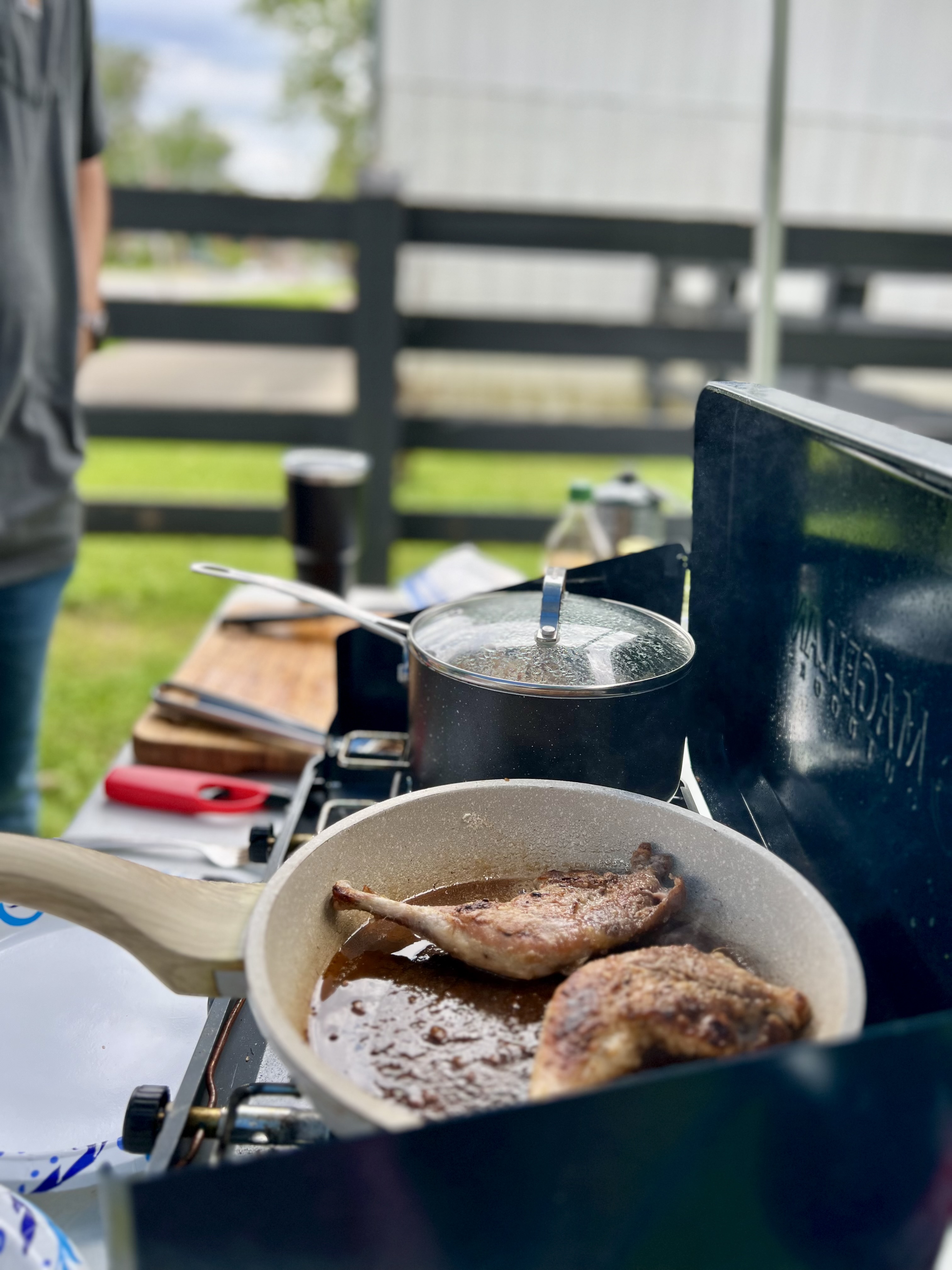 What’s a conversation about hunting and fishing without talking about Wild Game Cooking? Small game is wonderful table fare and it’s how many folks learned to cook wild game. Many people share a common history of “Grandma’s Fried Rabbit Recipe”, so at our first Small Game Bootcamp we hosted a Wild Game Cookoff featuring rabbit! Some amazing teams spent time preparing their favorite rabbit recipe and the outcome was incredible! The winner received an 8” culinary knife from Boothill Blades plus a free entry into the World Champion Squirrel Cookoff hosted in Arkansas. Additional prizes were a 12” Carbon Fry Skillet from Made In, and a beautiful wooden cutting board from Boothill Kitchen!
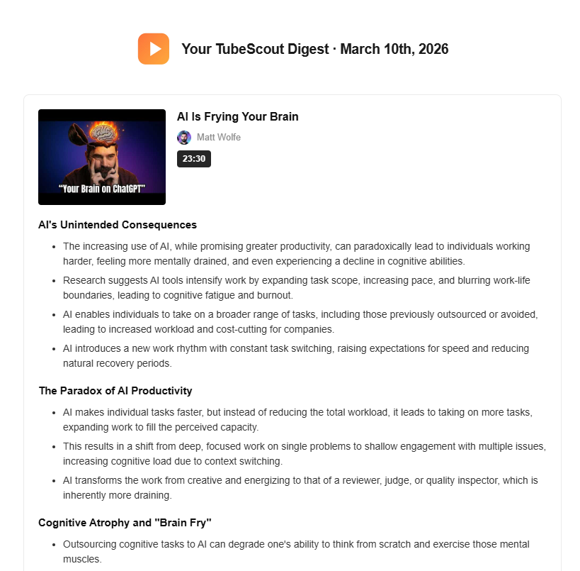 Each video distilled to its key takeaways. Know what's worth watching before you commit.
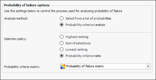 • Lowest ranking – Of the examples the user chooses during the analysis, the one with the lowest score is selected. The score is matched to a probability of failure
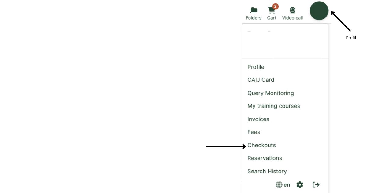 - Click on your profile icon in the top right-hand corner, then select “Checkouts” from the menu.

_Instructions to follow_
Reproduce the lines above letter for letter. The pictures stay behind.

_Response below_
 What’s a conversation about hunting and fishing without talking about Wild Game Cooking? Small game is wonderful table fare and it’s how many folks learned to cook wild game. Many people share a common history of “Grandma’s Fried Rabbit Recipe”, so at our first Small Game Bootcamp we hosted a Wild Game Cookoff featuring rabbit! Some amazing teams spent time preparing their favorite rabbit recipe and the outcome was incredible! The winner received an 8” culinary knife from Boothill Blades plus a free entry into the World Champion Squirrel Cookoff hosted in Arkansas. Additional prizes were a 12” Carbon Fry Skillet from Made In, and a beautiful wooden cutting board from Boothill Kitchen!
 Each video distilled to its key takeaways. Know what's worth watching before you commit.
 • Lowest ranking – Of the examples the user chooses during the analysis, the one with the lowest score is selected. The score is matched to a probability of failure
 - Click on your profile icon in the top right-hand corner, then select “Checkouts” from the menu.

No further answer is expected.